Williams estimates the proposal would lead to an average net tax cut of about $1,700 per household and boost the state's economy by about $28 billion over a five-year period. Employment is expected to increase by 6.9%, or about 175,000 jobs, under the proposal.
"This report shows how to cut taxes all around, but especially for middle class families and small business owners," CJ Szafir, president of the conservative Institute for Reforming Government, said in a statement. "The reform would be a game changer for Wisconsin. More take home pay. Higher employment. Higher GDP growth. It would be a win all around."
However, Ross Milton, economist in the La Follette School of Public Affairs at UW-Madison, noted that the CROWE report points out that the proposed tax changes would also result in a 12.6% reduction in state tax revenue.
"They're assuming that doesn't have any effects on the economy and I think that in other states that have tried dramatic tax cuts in short periods of time, big cuts to state revenue are a drag on the economy and are frankly very unpopular," Milton said of the report. "Even if that's beneficial in the long run, it's going to have some short-term costs."
Patricia Mayers, spokesperson for the Wisconsin Department of Revenue, said in an email department economists noted that CROWE's report is unclear on how the state would provide relief to certain filers that receive refundable income tax credits like the veterans and surviving spouses tax credit. Officials also noted that repealing the income tax would provide little to no income relief to low-income earners while hitting them with a sales tax increase.
"Changing the balance between income, sales and property taxes is often discussed across the country, but an outright repeal of one of the major tax types is less common and can lead to instability in a state's revenue portfolio and unintended consequences," according to the DOR email.
Rep. Barbara Dittrich, R-Oconomowoc, who sits on the Assembly Committee on Ways and Means, tweeted that she is "a huge fan" of eliminating the income tax. The committee's chairman Rep. John Macco, R-Ledgeview, and vice chairman Rep. Robert Wittke, R-Wind Point, said in a statement they look forward to discussing the proposal.
The proposal also received praise from former Republican Gov. Scott Walker, who touted eliminating the income tax during an interview Thursday on WISN conservative talk radio.
"This just has a ripple effect that I think is going to be unbelievably positive," Walker said.
Asked about Walker's support of the proposal during a press event in Milwaukee, Evers replied, "Wasn't he governor for eight years and had a Republican Legislature that whole time?"

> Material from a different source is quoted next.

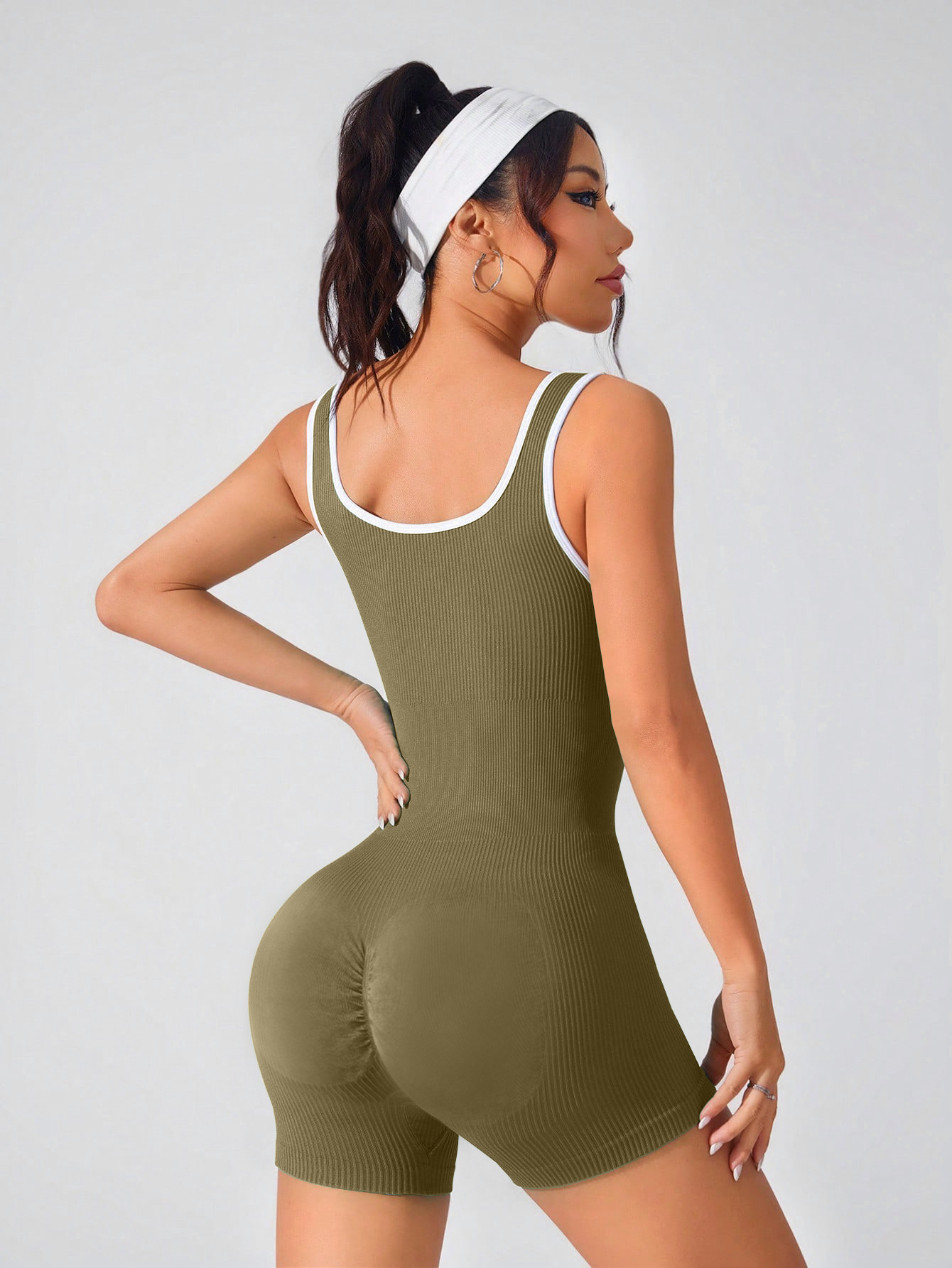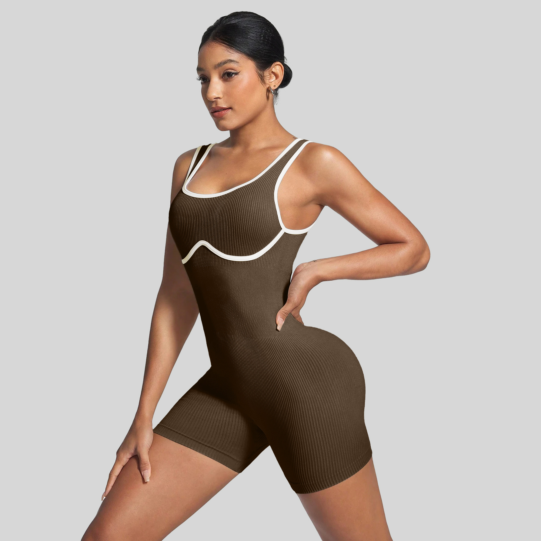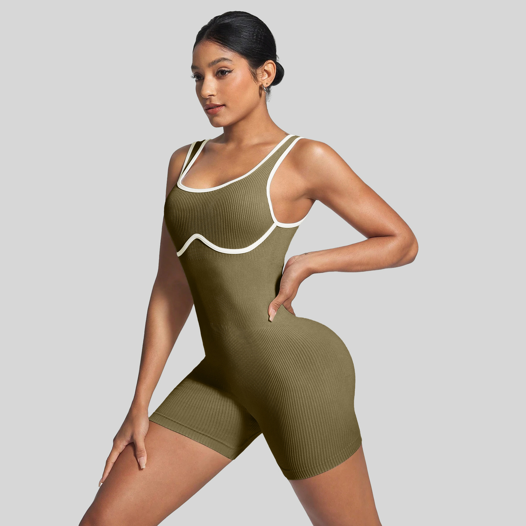 Xinhong 충격 방지 원활한 슈트 에어 원피스 러닝 피트니스 슈트 대비 색상 요가 슈트 댄스 타이트 여성 스레드

"He could've done that himself," Evers said of the proposal to eliminate the income tax. "I promised a middle-class tax cut when I ran for this office, and we were successful with a 15% income tax cut."
Walker floated the idea of eliminating the state's individual and corporate income taxes, paired with a sales tax increase, back in 2013. The liberal Wisconsin Budget Project estimated at the time that such a tax shift would mean the bottom 80% of taxpayers would be paying more in taxes, while taxpayers in the top 1% would see cuts averaging almost $44,000.
The state budget signed this year brought down the income tax rate from 6.27% to 5.3% for income between about $24,000 and $263,000 a year, or between $32,000 and $356,000 for married filers. Taxpayers who make more than that still benefit from that tax rate reduction.
The income tax is 3.54% on the first $12,000 of taxable income for individuals or $16,000 for married filers. For income between about $12,000 and $24,000, and married filers making between about $16,000 and $32,000, the income tax rate is 4.65%.